#### [DATASET EXCERPTS]
══════════

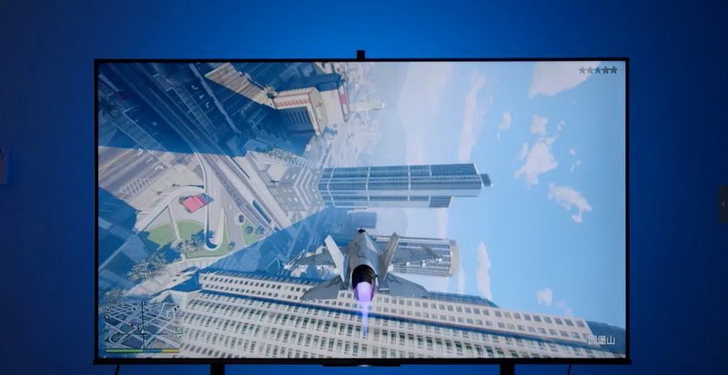 另外,主機(jī)游戲玩家也可以在這款電視上得到很好的暢玩體驗(yàn)。尤其是在GTA 5里面人物快速轉(zhuǎn)身,通過慢動作可以看出槍體,沒有出現(xiàn)畫面撕裂和拖影的情況出現(xiàn),而在汽車快速飆車飛機(jī)快速劃過建筑物的時候,游戲體驗(yàn)十分順滑,從未感知到卡頓,這些效果的背后是4K 120HZ VRR高動態(tài)變頻屏幕,從而讓畫面表現(xiàn)更加暢快,同時也帶來了更順滑的音畫同步效果。
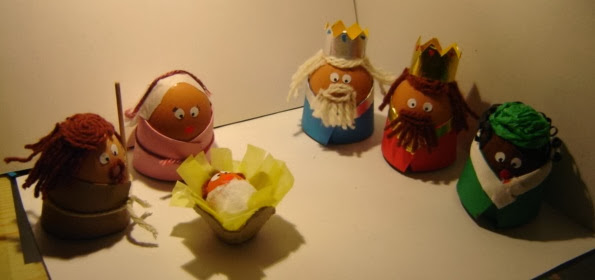 Es muy fácil, solo hay que cocer unos huevos y ponernos manos a la obra. Para el niño Jesus use un huevito de codorniz.
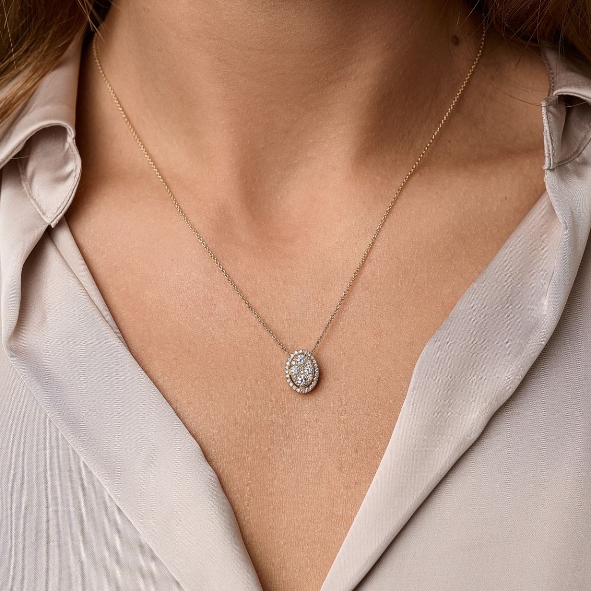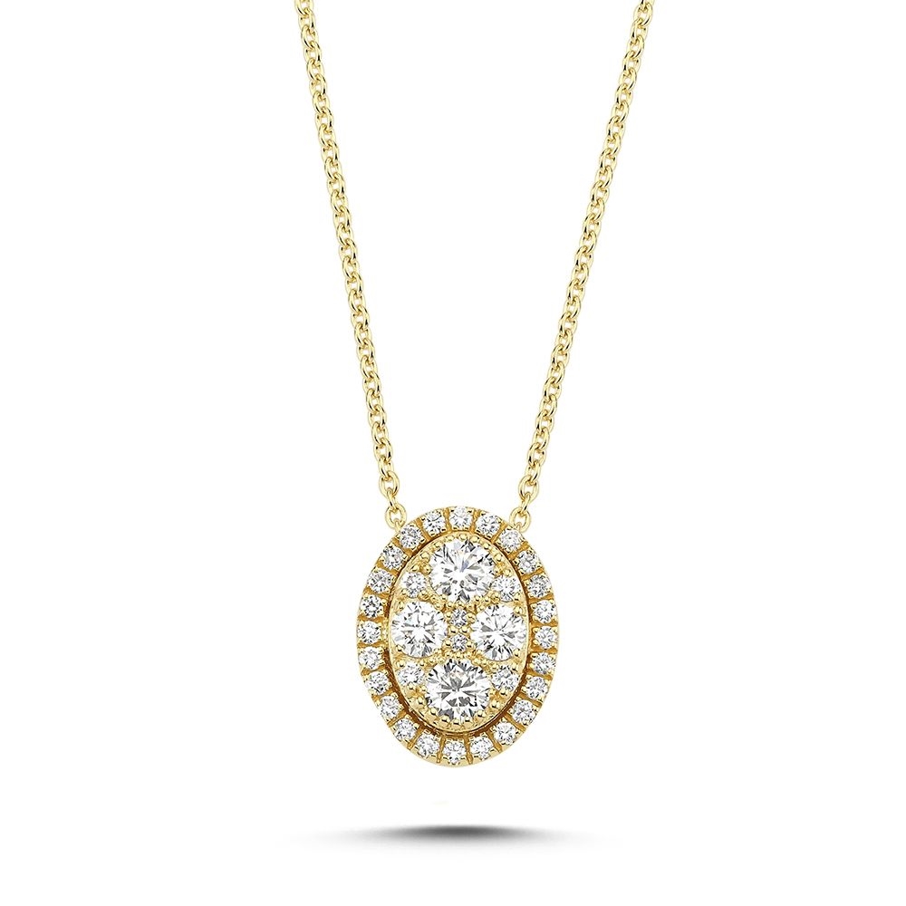 Posh ovale vedhæng er i 14 karat guld med ialt 0,64 ct. glitrende brillianter i kvaliteten Wesselton Si og er inkl 42 cm kæde.
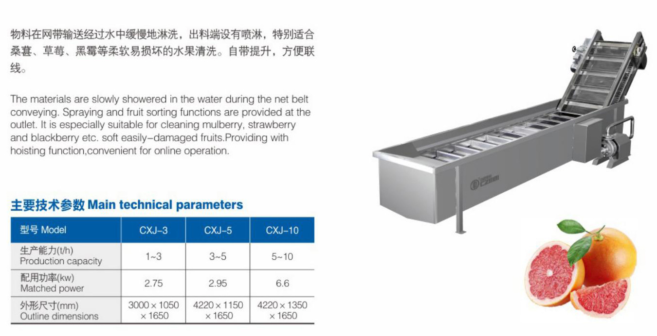 物料在网带输送经过水中缓慢地淋洗,出料端设有喷淋,特别适合桑葚、草莓、黑霉等柔软易损坏的水果清洗。自带提升,方便联线。
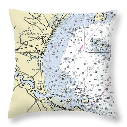Saco Bay Maine Nautical Chart - Throw Pillow
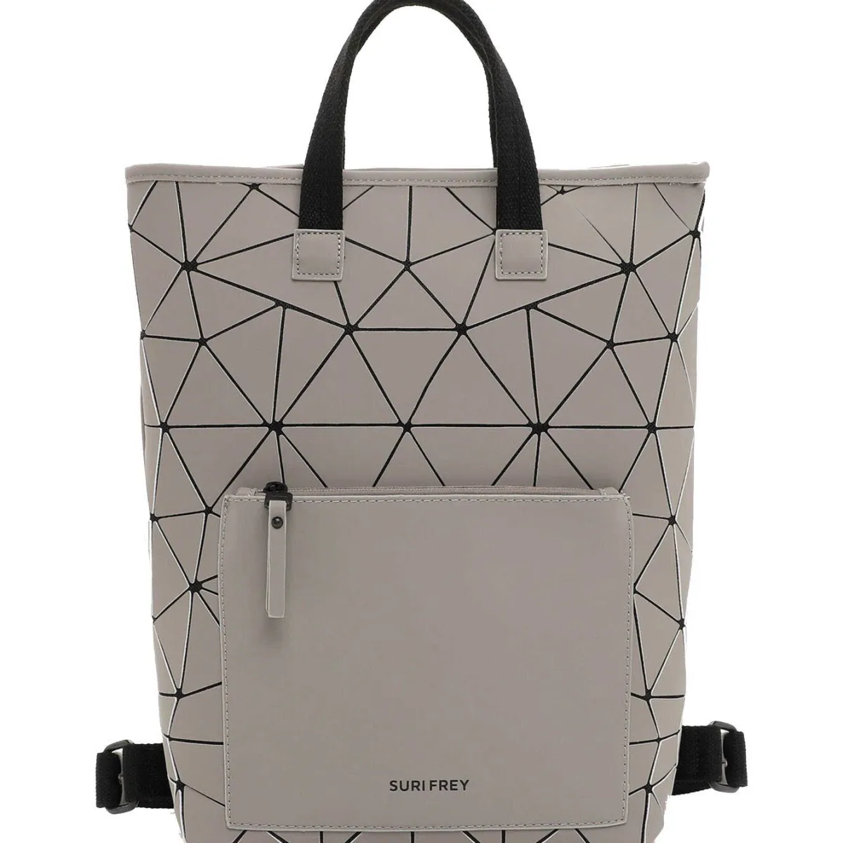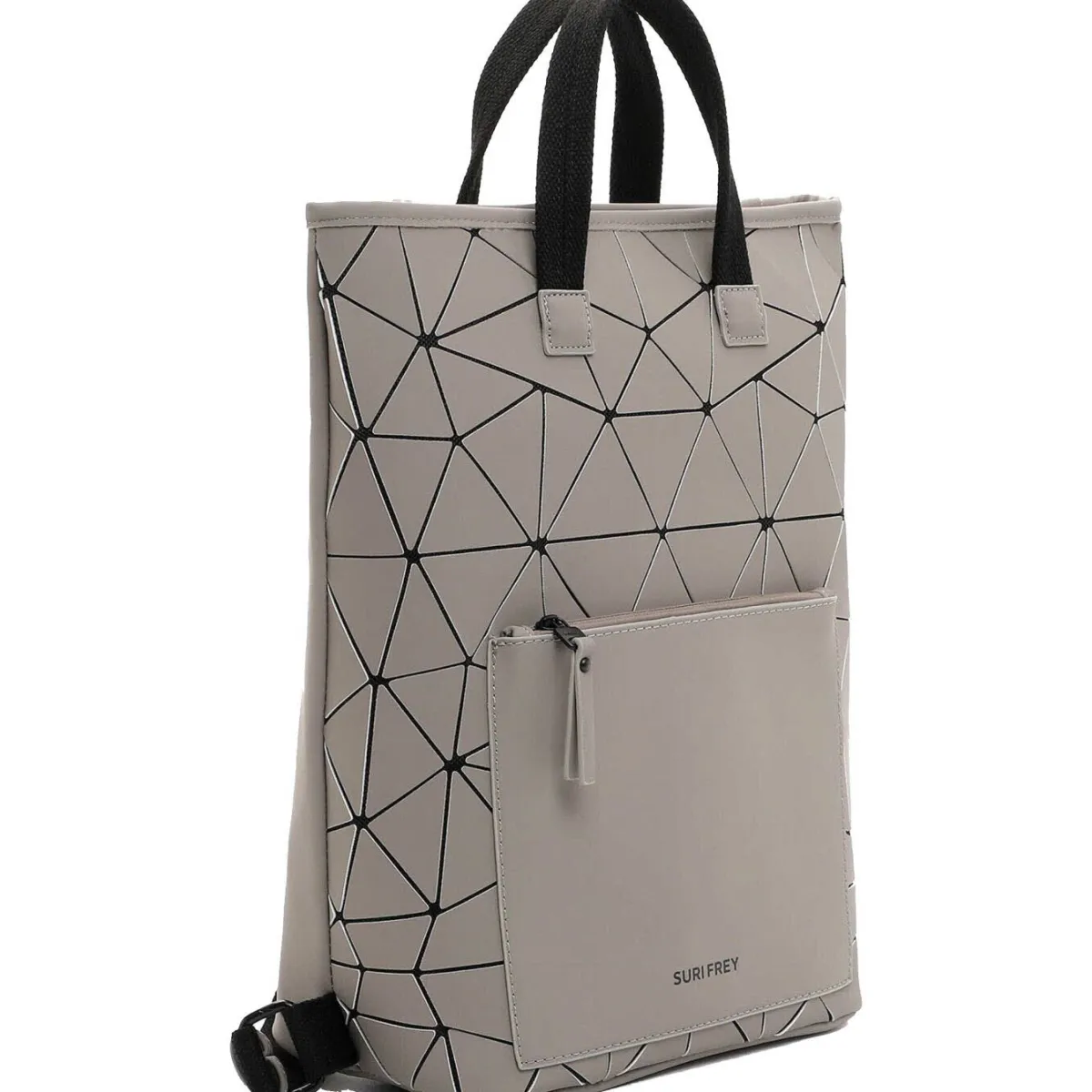 Das Obermaterial aus Kunstleder erhält durch das Geometrische Muster in Taupe Grau eine stylische Mix-Optik und macht den Rucksack zum absoluten Hingucker.
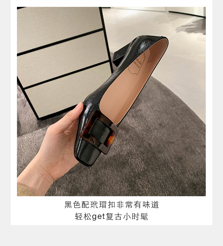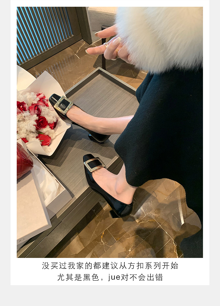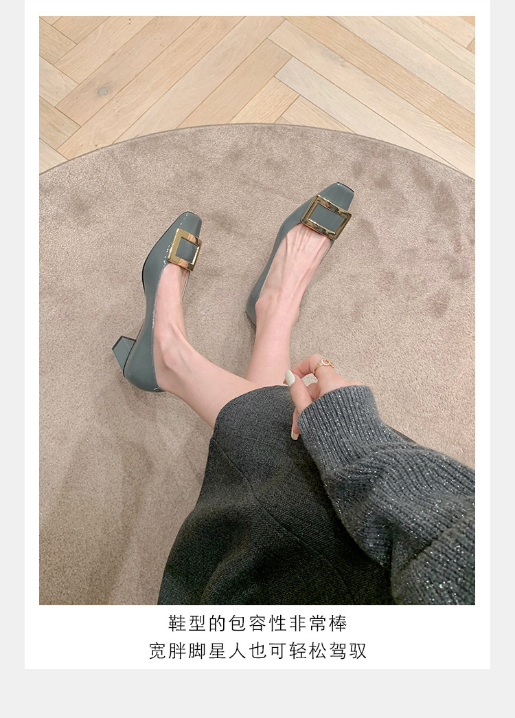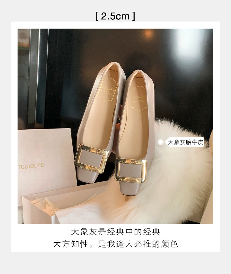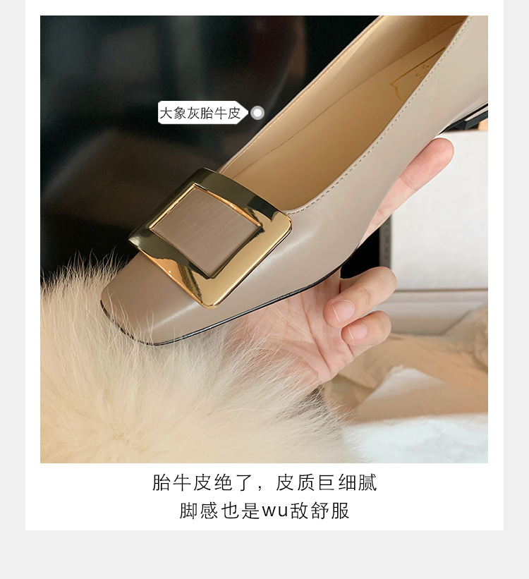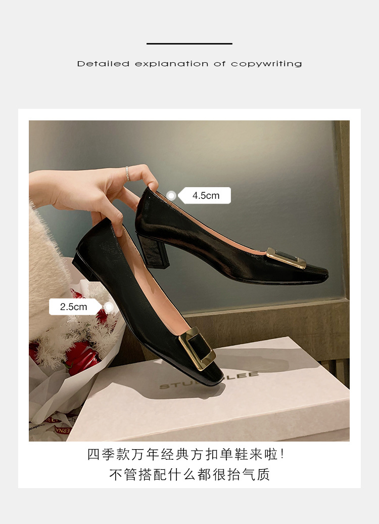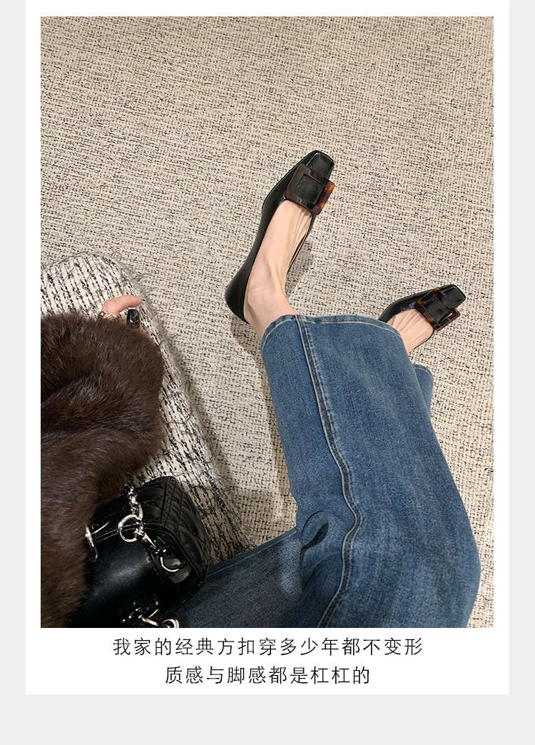 Cowhide 버전 ~ 고전적인 얕은 입 기질을 가진 포도 엄마 하이힐 신발 스퀘어 헤드 슬림 두꺼운 힐 스퀘어 버클 신발 여성스토어 가기

══════════

#### [EXERCISE]
Set down every entry exactly; omit the pictures.

#### [WRITTEN SOLUTION]
 另外,主機(jī)游戲玩家也可以在這款電視上得到很好的暢玩體驗(yàn)。尤其是在GTA 5里面人物快速轉(zhuǎn)身,通過慢動作可以看出槍體,沒有出現(xiàn)畫面撕裂和拖影的情況出現(xiàn),而在汽車快速飆車飛機(jī)快速劃過建筑物的時候,游戲體驗(yàn)十分順滑,從未感知到卡頓,這些效果的背后是4K 120HZ VRR高動態(tài)變頻屏幕,從而讓畫面表現(xiàn)更加暢快,同時也帶來了更順滑的音畫同步效果。
 Es muy fácil, solo hay que cocer unos huevos y ponernos manos a la obra. Para el niño Jesus use un huevito de codorniz.
 Posh ovale vedhæng er i 14 karat guld med ialt 0,64 ct. glitrende brillianter i kvaliteten Wesselton Si og er inkl 42 cm kæde.
 物料在网带输送经过水中缓慢地淋洗,出料端设有喷淋,特别适合桑葚、草莓、黑霉等柔软易损坏的水果清洗。自带提升,方便联线。
Saco Bay Maine Nautical Chart - Throw Pillow
 Das Obermaterial aus Kunstleder erhält durch das Geometrische Muster in Taupe Grau eine stylische Mix-Optik und macht den Rucksack zum absoluten Hingucker.
 Cowhide 버전 ~ 고전적인 얕은 입 기질을 가진 포도 엄마 하이힐 신발 스퀘어 헤드 슬림 두꺼운 힐 스퀘어 버클 신발 여성스토어 가기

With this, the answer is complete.